▶ What is being asked:
Skip the pictures, please, and write out exactly the lines from the opening of the data through the line containing "有研究显示提子干的多酚含量比西梅干、杏脯干、红提子、车厘子等高。".

▶ Dataset excerpts:
┌──

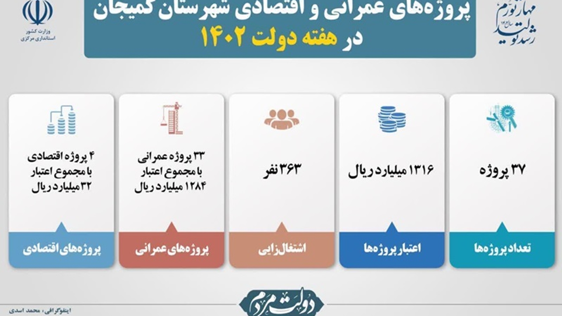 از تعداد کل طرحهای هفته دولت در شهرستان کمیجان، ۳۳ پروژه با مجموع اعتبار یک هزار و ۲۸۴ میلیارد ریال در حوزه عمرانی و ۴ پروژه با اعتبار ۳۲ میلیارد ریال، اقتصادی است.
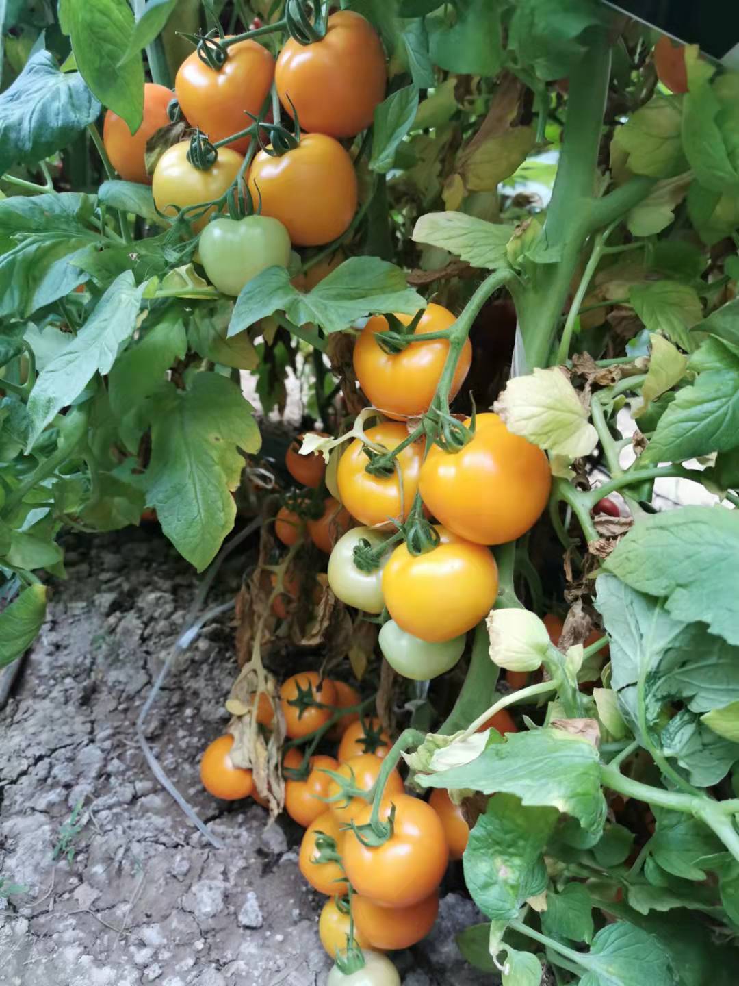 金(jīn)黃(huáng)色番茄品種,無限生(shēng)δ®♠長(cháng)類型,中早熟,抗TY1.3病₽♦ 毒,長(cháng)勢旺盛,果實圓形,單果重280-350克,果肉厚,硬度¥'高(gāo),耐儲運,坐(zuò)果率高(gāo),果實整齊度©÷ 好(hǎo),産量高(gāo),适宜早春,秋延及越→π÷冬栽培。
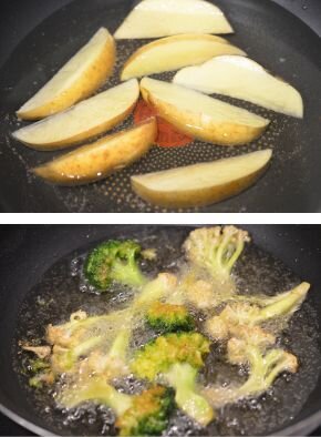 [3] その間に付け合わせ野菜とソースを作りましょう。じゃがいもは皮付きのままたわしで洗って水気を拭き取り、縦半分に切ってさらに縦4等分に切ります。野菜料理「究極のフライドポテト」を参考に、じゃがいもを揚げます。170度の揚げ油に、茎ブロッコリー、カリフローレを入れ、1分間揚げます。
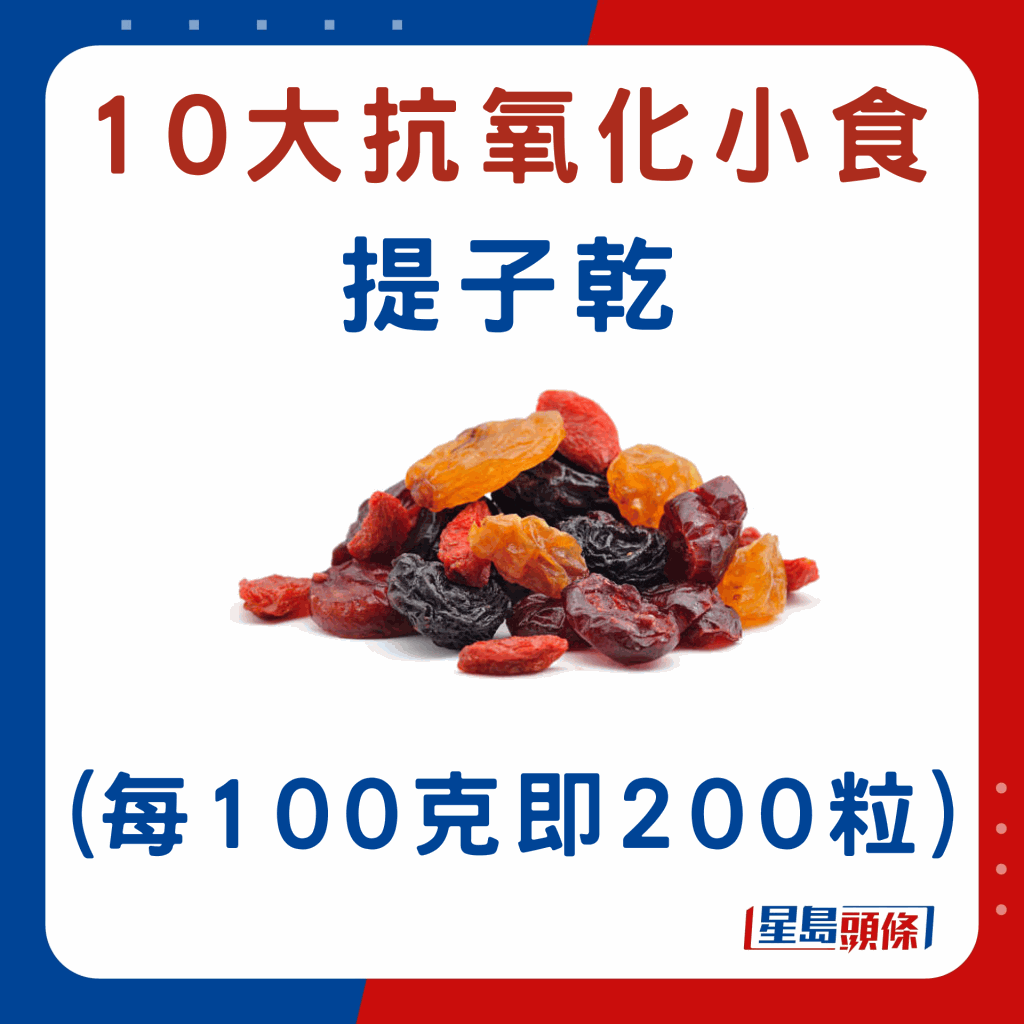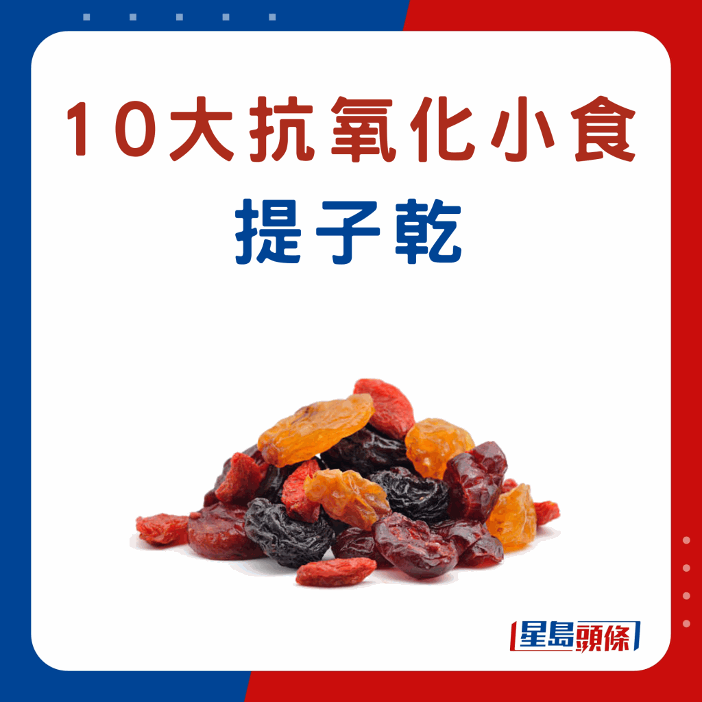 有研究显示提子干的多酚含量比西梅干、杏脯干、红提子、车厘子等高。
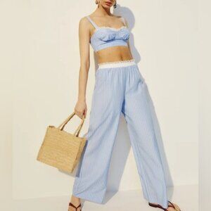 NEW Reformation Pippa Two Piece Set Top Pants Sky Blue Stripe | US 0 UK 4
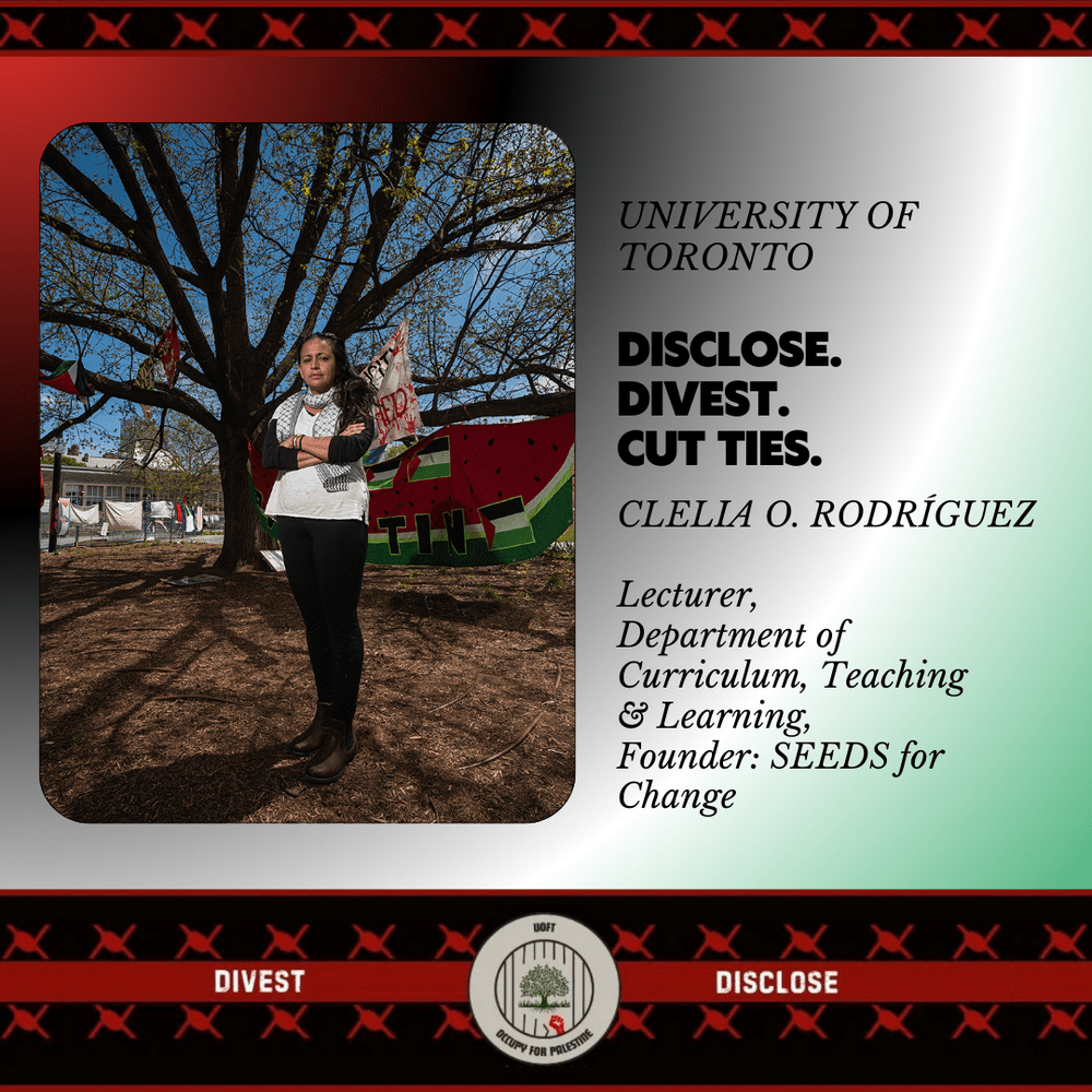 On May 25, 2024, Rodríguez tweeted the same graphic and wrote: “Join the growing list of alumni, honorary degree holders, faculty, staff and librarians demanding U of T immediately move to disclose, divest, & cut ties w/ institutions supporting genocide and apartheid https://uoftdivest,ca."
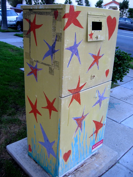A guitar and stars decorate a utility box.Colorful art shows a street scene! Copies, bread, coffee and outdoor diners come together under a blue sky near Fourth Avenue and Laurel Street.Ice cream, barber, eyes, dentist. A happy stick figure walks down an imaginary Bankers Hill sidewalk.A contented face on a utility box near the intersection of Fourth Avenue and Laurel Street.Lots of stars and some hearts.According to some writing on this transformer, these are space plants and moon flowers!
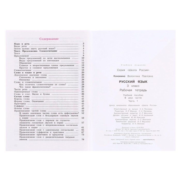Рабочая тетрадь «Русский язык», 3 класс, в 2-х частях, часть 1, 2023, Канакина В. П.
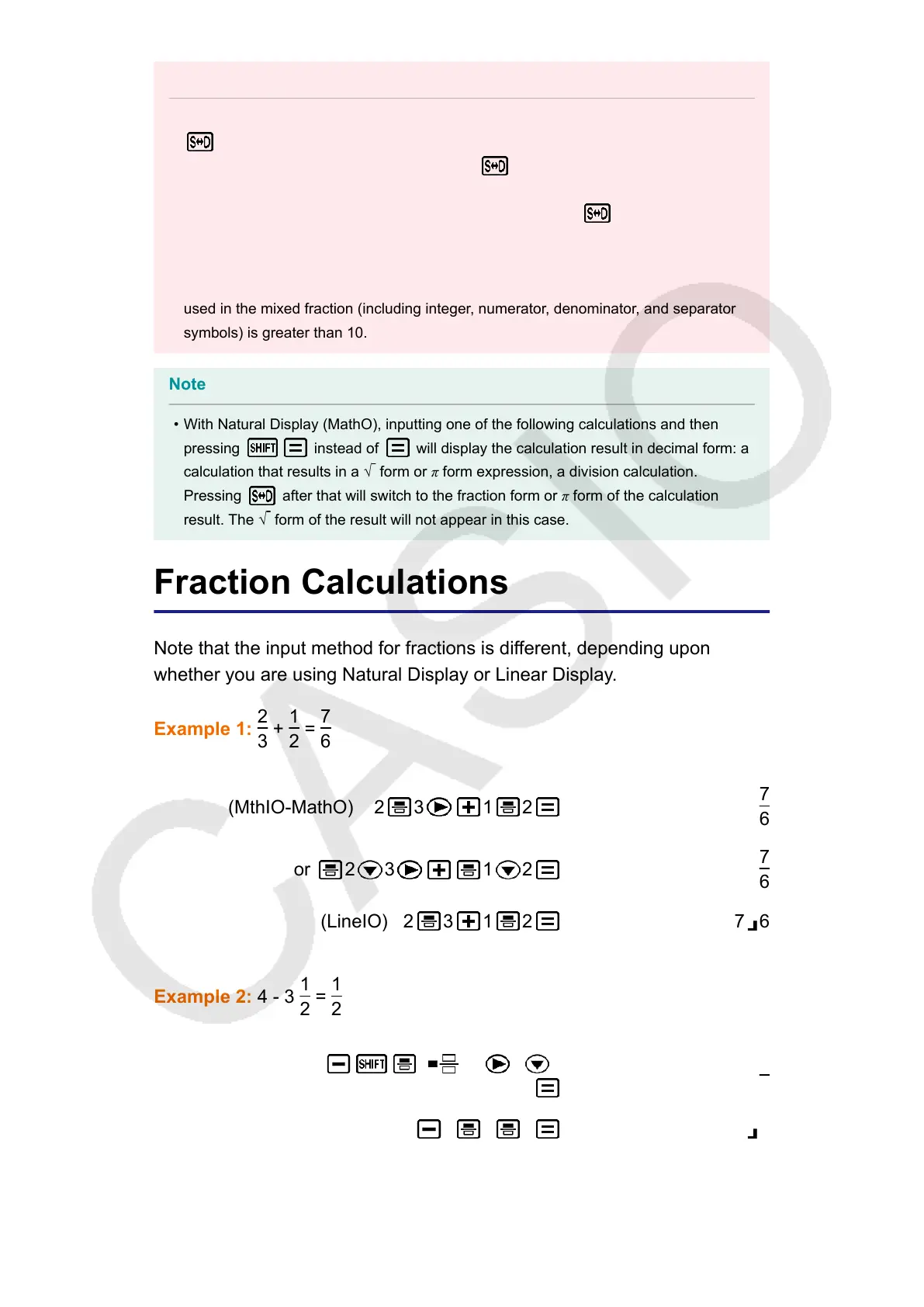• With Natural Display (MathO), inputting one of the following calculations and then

└──

▶ Solution to this task:
 از تعداد کل طرحهای هفته دولت در شهرستان کمیجان، ۳۳ پروژه با مجموع اعتبار یک هزار و ۲۸۴ میلیارد ریال در حوزه عمرانی و ۴ پروژه با اعتبار ۳۲ میلیارد ریال، اقتصادی است.
 金(jīn)黃(huáng)色番茄品種,無限生(shēng)δ®♠長(cháng)類型,中早熟,抗TY1.3病₽♦ 毒,長(cháng)勢旺盛,果實圓形,單果重280-350克,果肉厚,硬度¥'高(gāo),耐儲運,坐(zuò)果率高(gāo),果實整齊度©÷ 好(hǎo),産量高(gāo),适宜早春,秋延及越→π÷冬栽培。
 [3] その間に付け合わせ野菜とソースを作りましょう。じゃがいもは皮付きのままたわしで洗って水気を拭き取り、縦半分に切ってさらに縦4等分に切ります。野菜料理「究極のフライドポテト」を参考に、じゃがいもを揚げます。170度の揚げ油に、茎ブロッコリー、カリフローレを入れ、1分間揚げます。
 有研究显示提子干的多酚含量比西梅干、杏脯干、红提子、车厘子等高。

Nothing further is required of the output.